Nkusa-Nkhoma, who is a legislator for Mchinji South constituency on Wednesday received round of applause from people in Traditional Authority Kambwiri in Salima when she advocated on their behalf for the need of National Registration Bureau identity Cards to be for life so that rural farmers do not face the challenge of travelling long distances for renewal.

Nkusa-Nkhoma addressing local farmers at Msengedzi Irrigation scheme said that it does not make any sense for people from rural areas to be renewing identity cards to access farm input.

"It is important that we talk about these things so we can ignite a national debate and I am sure Parliament will help to change this law," said the deputy minister.

Nkusa-Nkhoma said: "Travelling to the cities for the rural farmers is very expensive and too involving, hence a need to change this law."

Commenting on the importance of the Msengedzi Solar Irrigation scheme , Nkusa-Nkhoma said the project is important because it will help to ensure that there is food security at household level.

Msengedzi Solar Powered Pump Irrigation Scheme is situated in Salima South West Constituency, TA Kambwiri, Snr GVH Chimbalanga about 5km from Salima Boma.

The scheme is in Katerera EPA, Salima RDP under Salima Agricultural Development Division (ADD), in Salima District Council. The scheme is accessible from Salima town through Salima- Balaka lakeshore road (M5).

Msengedzi Irrigation scheme started in 2006, with few beneficiaries. The scheme was using treadle pumps and watering cans to irrigate a total area of 1ha with earthen canals.

In 2008, FIDP upgraded the scheme where new canals and a 10Hp diesel pump was installed.

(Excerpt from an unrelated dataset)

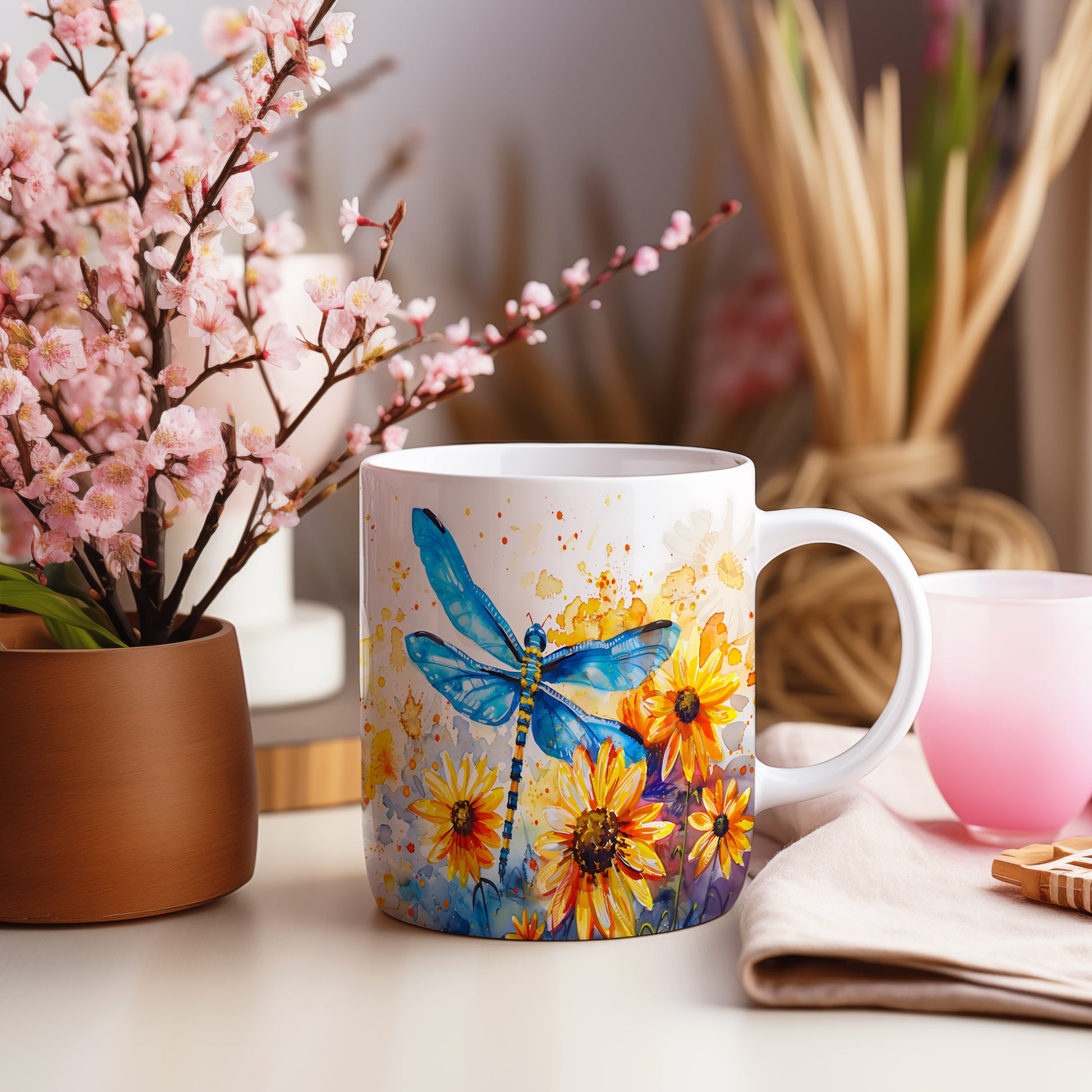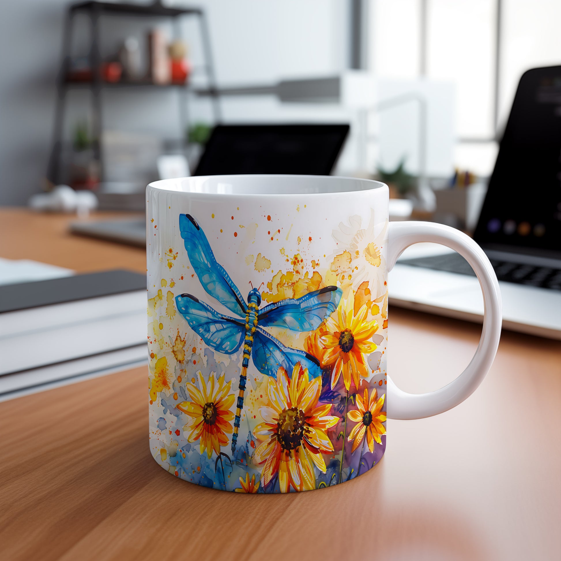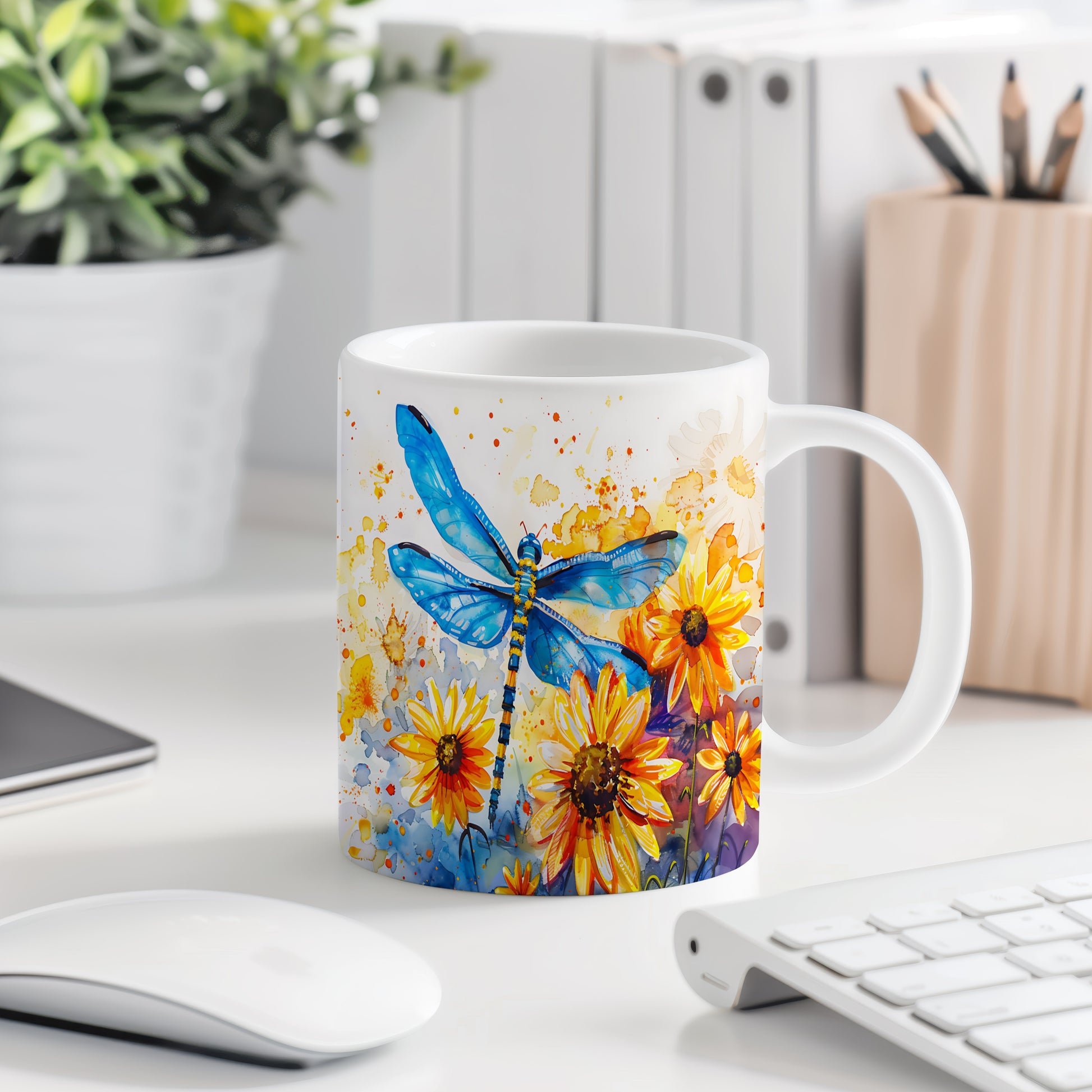 Tento hrnek s motivem modré vážky a slunečnic je skvělým kouskem pro milovníky přírody. Ideální dárek pro přátele nebo rodinu, kteří ocení krásu a originalitu. Materiál: keramika. Objem: 330 ml. Vhodné do myčky i mikrovlnky. Používáním tohoto hrnku si zpříjemníte každé ráno a dodáte svému pití osobitý styl.

The scheme has 9 hectares potential area for irrigation, however only 2 hectares developed in 2008 which farmers are now using during irrigation season. The area is dominated with alluvial loam clay soils and is relatively flat suitable for growing rice and winter maize.

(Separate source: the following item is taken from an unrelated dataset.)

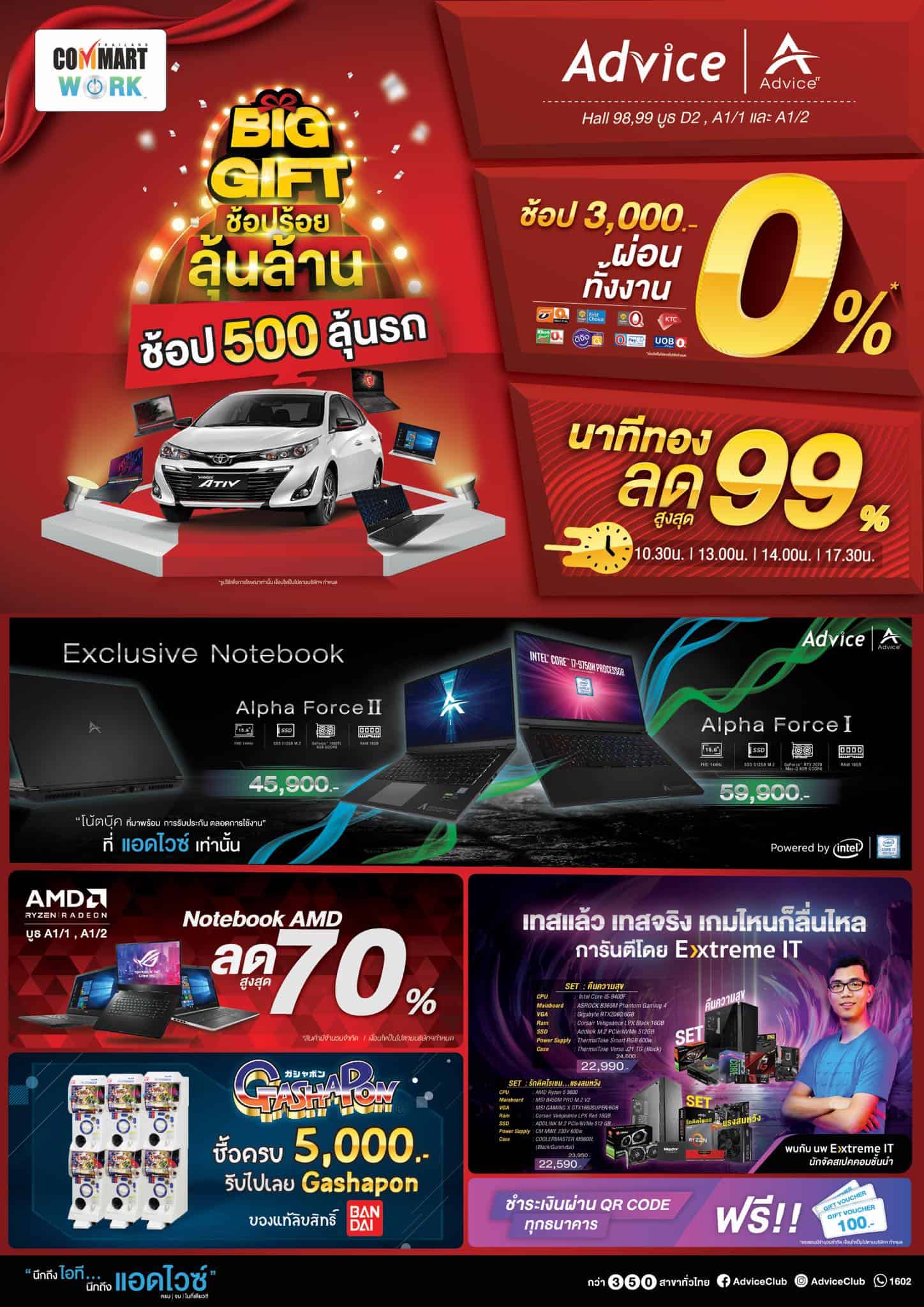 เริ่มแล้วกับงาน Commart Work 2019 ที่ ไบเทค บางนา แนะนำ โปรโมชั่น Advice กับสินค้าไอที คอมพิวเตอร์ ฯลฯ ราคาพิเศษ 19-22 ธันวาคมนี้

Chairman of the scheme Mr Robert Phiri told journalists that the scheme is comprised of 45 beneficiaries, of which 10 are males, 25 females and 10 youths from surrounding villages who earn their living through irrigated crops such as; maize, vegetables, rice and fishing.

Under the water resources Act of 1969 farmers using water for irrigation are supposed to pay in respective of the volume of water used. The water quality is good for irrigation development." Phiri said.

On challenges Phiri said the scheme is underutilized due to shortage of water since the pump was broken down.

The scheme area is too small hence need to be extended to accommodate more farmers.

"Lack of trusted marketing outlets for the irrigated produce." Phiri said.